* Data excerpts:
++++++++++
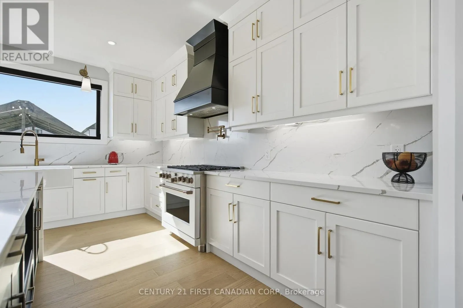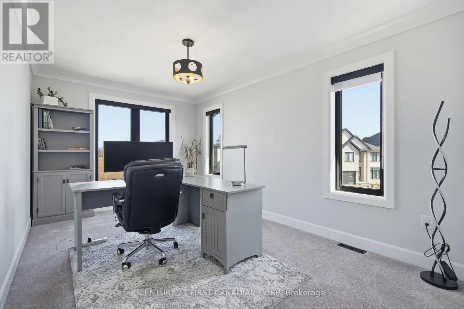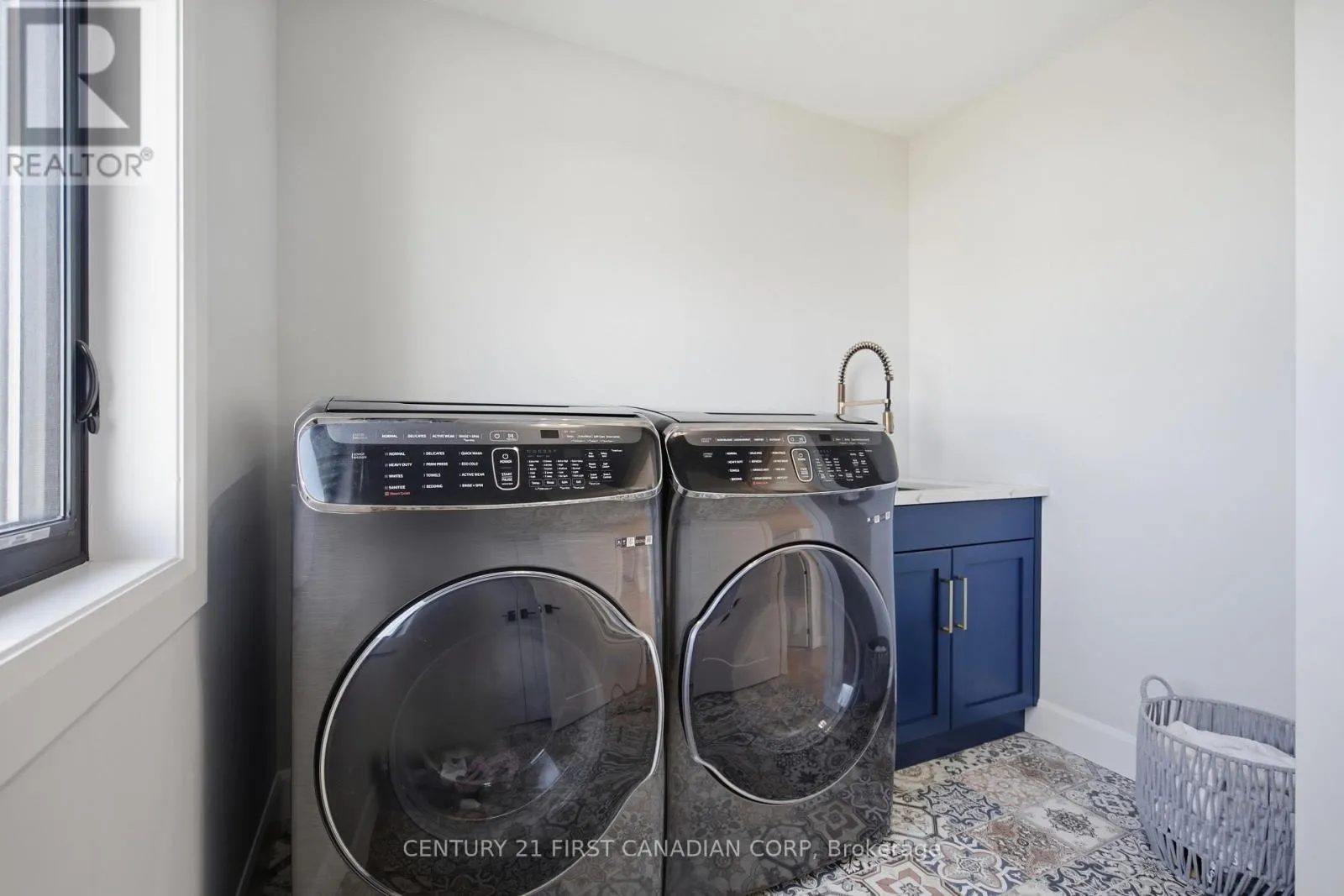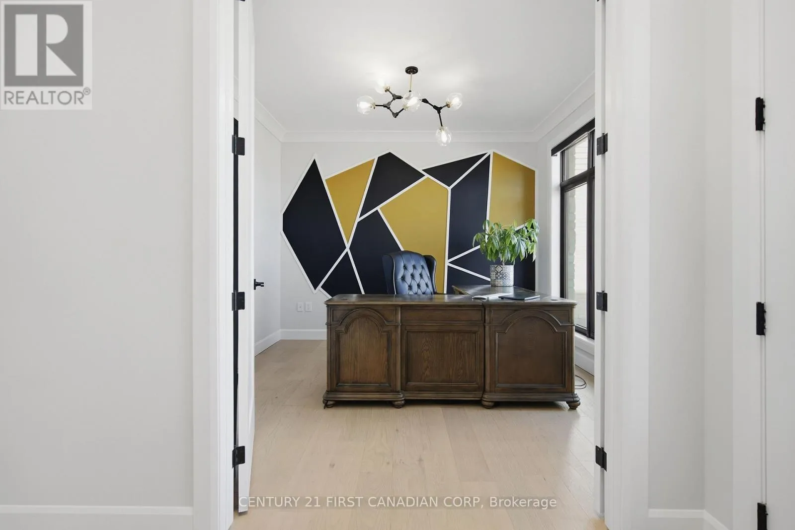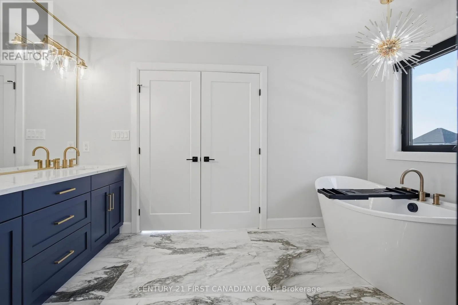 Cross Streets: COLONEL TALBOT & PACK RD. ** Directions: LEFT OF ISLEWORTH ONTO SILVER CREEK CIRCLE. Better Than New and Every Upgrade Already Done. Welcome to Silverleaf Estates, where luxury meets effortless living. This exceptional 5 bedroom, 5 bathroom home offers 4,532 sq. ft. on a premium lot that is 146 x 134 ft deep-blending elegance, function, and lifestyle.Just 3 years young, it makes a striking first impression with its stone and stucco exterior, expansive driveway, and professionally landscaped grounds. Step into the grand foyer, where an elegant chandelier sets the tone. The main level flows seamlessly into a show-stopping chef's kitchen featuring a waterfall quartz island, full quartz backsplash, custom hood fan, ceiling-height cabinetry, and high-end Café appliances.The breathtaking great room is the heart of the home, anchored by a dramatic two-storey gas fireplace wrapped in floor-to-ceiling Italian tile-perfect for entertaining and everyday living.With over $250,000 in builder upgrades, no detail has been overlooked. Crown moulding throughout, hardwired security, and an EV-ready 240V garage hookup offer both luxury and convenience.Upstairs features second-floor laundry and spacious bedrooms, including two with private ensuites. The primary suite is a true retreat with his & hers closets and a spa-inspired 5-piece ensuite. The other two bathrooms feature a beautiful blue marble flooring and shower backdrop. The fully finished basement adds versatility with a large rec room, gym, additional bedroom, and stylish 3-piece bath-ideal for guests or multigenerational living, with potential for a future separate entrance.Step outside to your private backyard oasis with over 1,000 sq. ft. of stamped concrete, a gazebo, fully fenced yard, and custom 10x16 shed-built for entertaining and relaxing.Located in a sought-after family friendly neighbourhood near top-rated schools, shopping, dining, and quick access to Highways 401 & 402.Why build when this one has it all? Move in and enjoy. (id:27476)
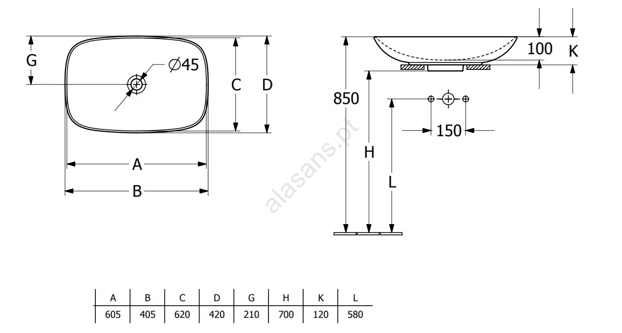 Villeroy & Boch 4A500001 - Lavatório de bancada LOOP&FRIENDS 62x42 cm cerâmica/branco
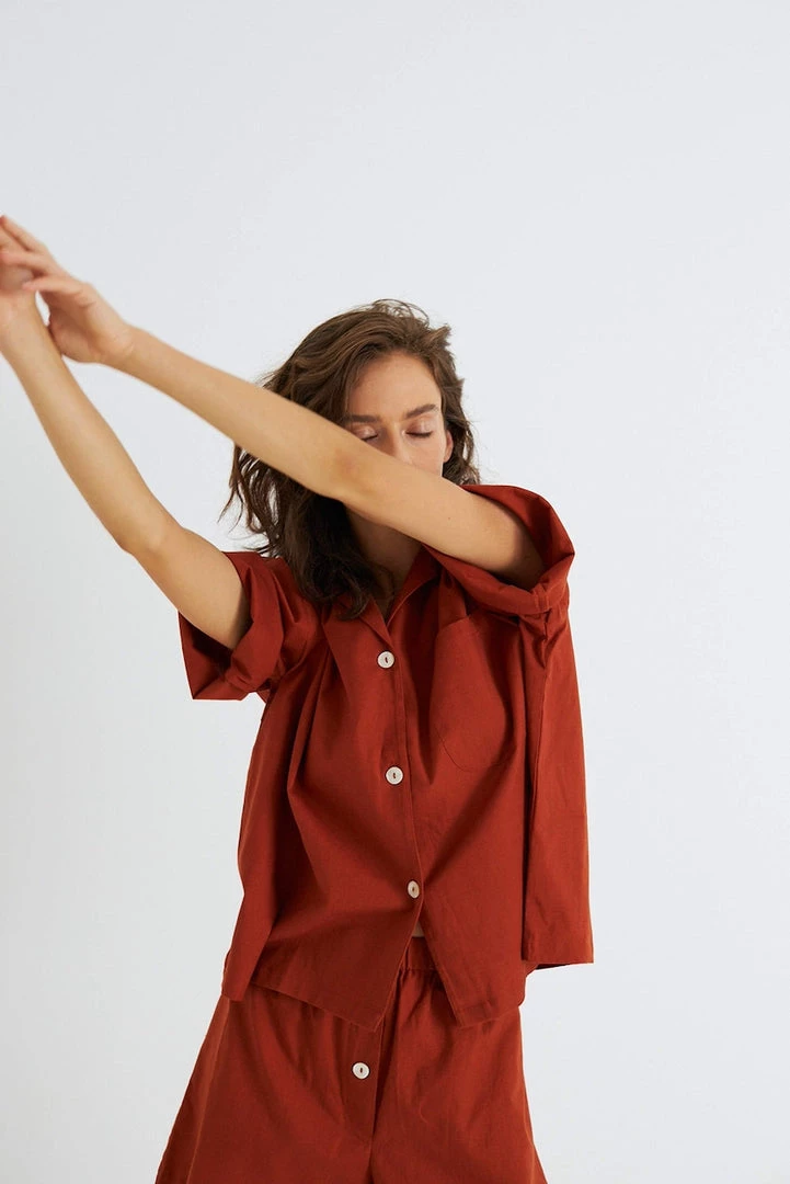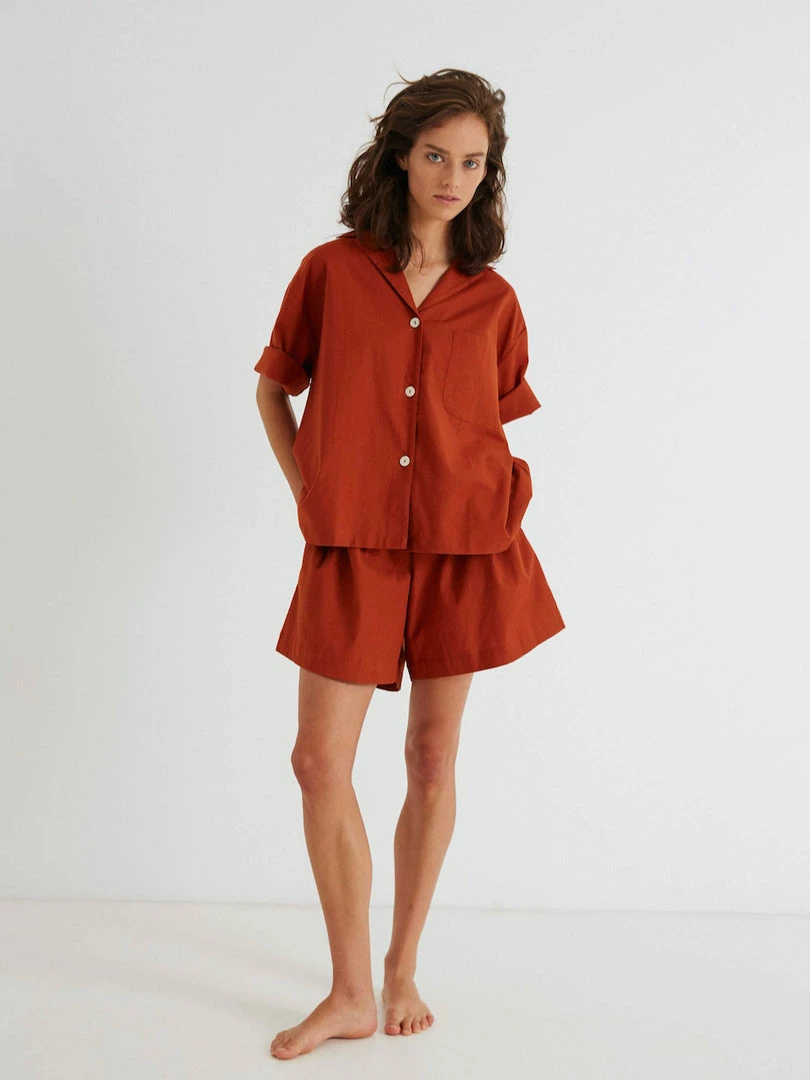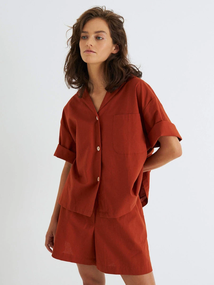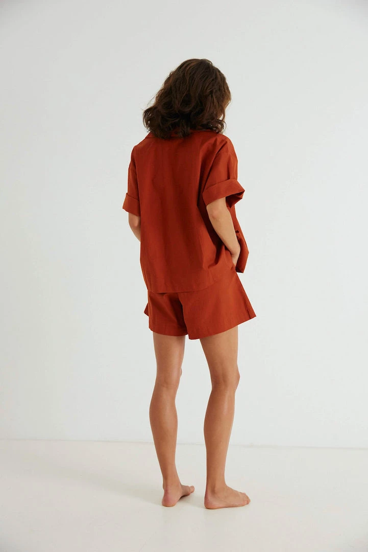 Boxy single pocket short sleeve shirt, with back box pleat. High waisted shorts with button fly detail, elasticated waistband and side pockets. All pieces are French seamed.
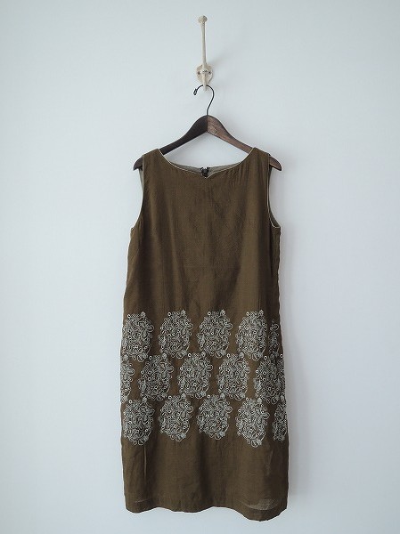 デザイン:mina perhonen 「sometimes lucky」の刺繍ワンピースです。カラーはカーキで薄手生地であしらわれており、グレーグリーンのクローバー刺繍の中にひとつだけ四葉があるテキスタイルです。背上部のフック&ファスナーで着脱でき、裏地付きです。定価は67、200円です。
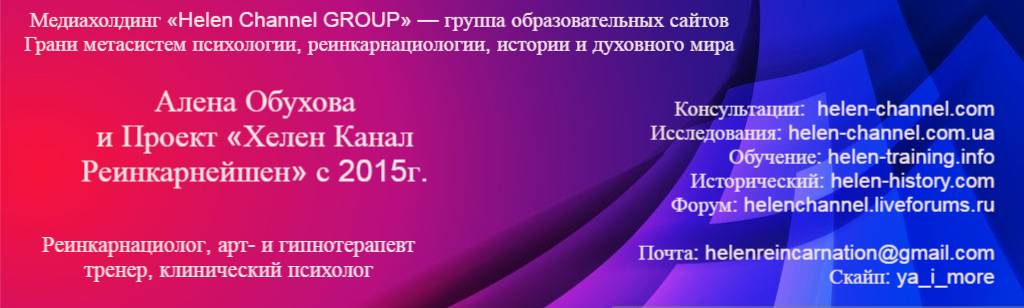 Здравствуйте, мои прекрасные читатели со всего Мира. С вами Алена Обухова, автор проекта, профессиональный реинкарнациолог, медицинский психолог, сертифицированный арт- и сказкотерапевт, эриксоновский и регрессионный гипнотерапевт, писательница.
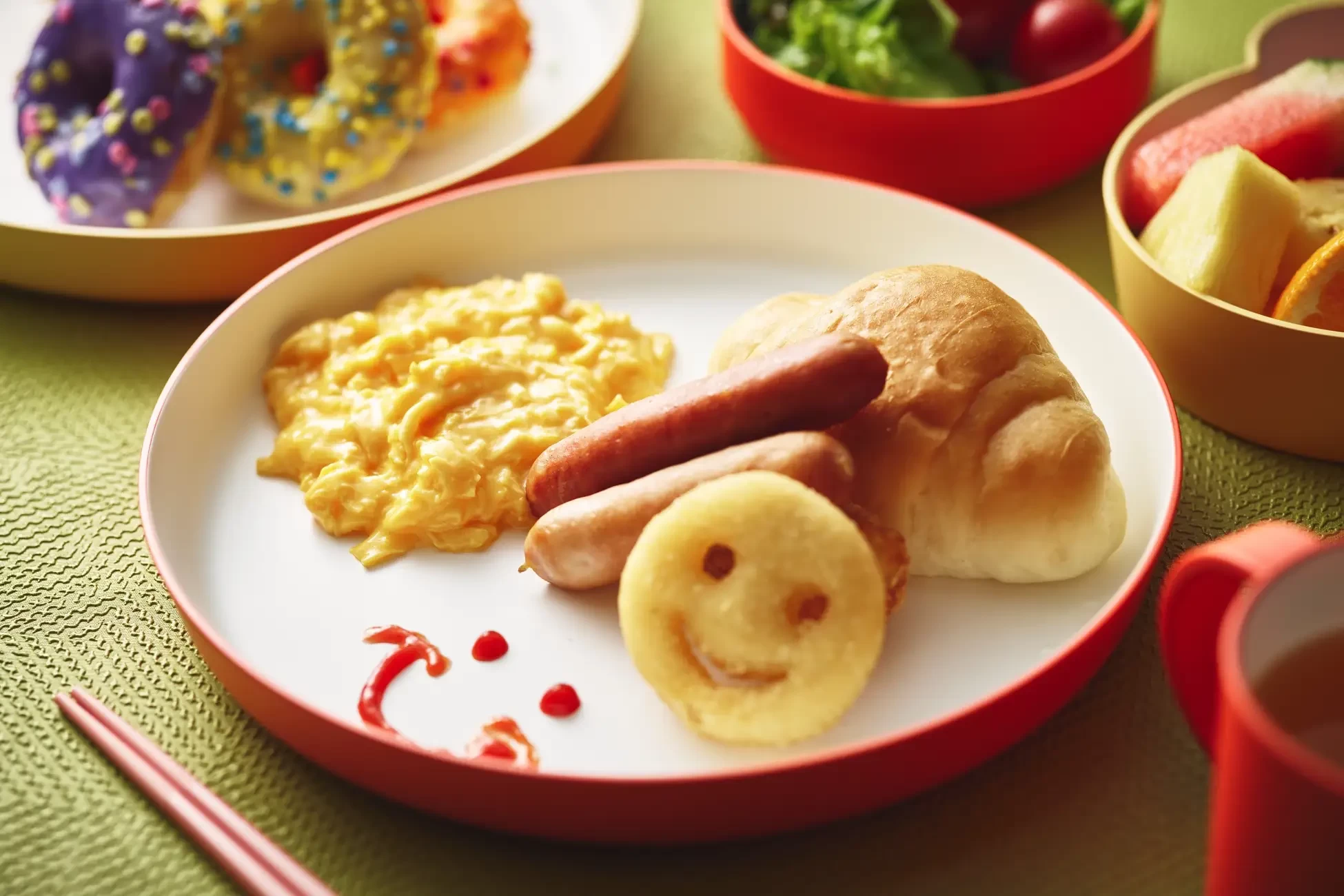 レストランには子ども専用のビュッフェコーナーをご用意。キャラメルポップコーンなど、お子さんが大好きなメニューを取り揃えています。
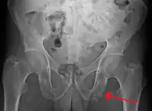 - ↑ Polisson, R. P.; Martinez, S.; Khoury, M.; Harrell, R. M.; Lyles, K. W.; Friedman, N.; Harrelson, J. M.; Reisner, E.; Drezner, M. K. (1985-07-04). "Calcification of entheses associated with X-linked hypophosphatemic osteomalacia". The New England Journal of Medicine. 313 (1): 1–6. doi:10.1056/NEJM198507043130101. ISSN 0028-4793. PMID 4000222.
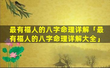 最有福人的八字 🐺 命理详解
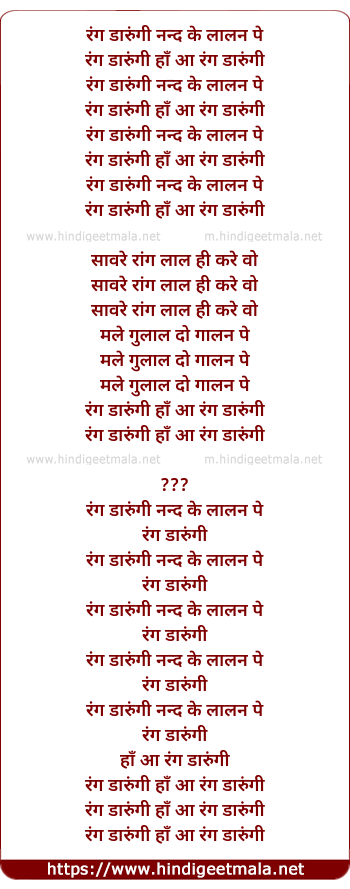 Lyrics of Holi - रंग डारुंगी नन्द के लालन पे
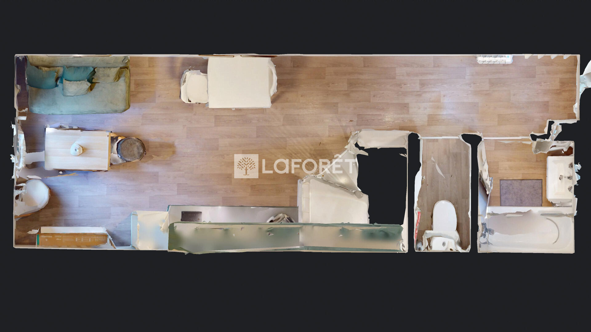 d'environ 37 m² comprenant principalement : entrée, séjour avec cuisine aménagée & équipée , salle de bains, wc.
++++++++++
* Exercise prompt: Using the records above, reproduce exactly the lines from the line containing "Здравствуйте, мои прекрасные" through the last line, with both ends kept and no pictures.

* Answer space:
 Здравствуйте, мои прекрасные читатели со всего Мира. С вами Алена Обухова, автор проекта, профессиональный реинкарнациолог, медицинский психолог, сертифицированный арт- и сказкотерапевт, эриксоновский и регрессионный гипнотерапевт, писательница.
 レストランには子ども専用のビュッフェコーナーをご用意。キャラメルポップコーンなど、お子さんが大好きなメニューを取り揃えています。
 - ↑ Polisson, R. P.; Martinez, S.; Khoury, M.; Harrell, R. M.; Lyles, K. W.; Friedman, N.; Harrelson, J. M.; Reisner, E.; Drezner, M. K. (1985-07-04). "Calcification of entheses associated with X-linked hypophosphatemic osteomalacia". The New England Journal of Medicine. 313 (1): 1–6. doi:10.1056/NEJM198507043130101. ISSN 0028-4793. PMID 4000222.
 最有福人的八字 🐺 命理详解
 Lyrics of Holi - रंग डारुंगी नन्द के लालन पे
 d'environ 37 m² comprenant principalement : entrée, séjour avec cuisine aménagée & équipée , salle de bains, wc.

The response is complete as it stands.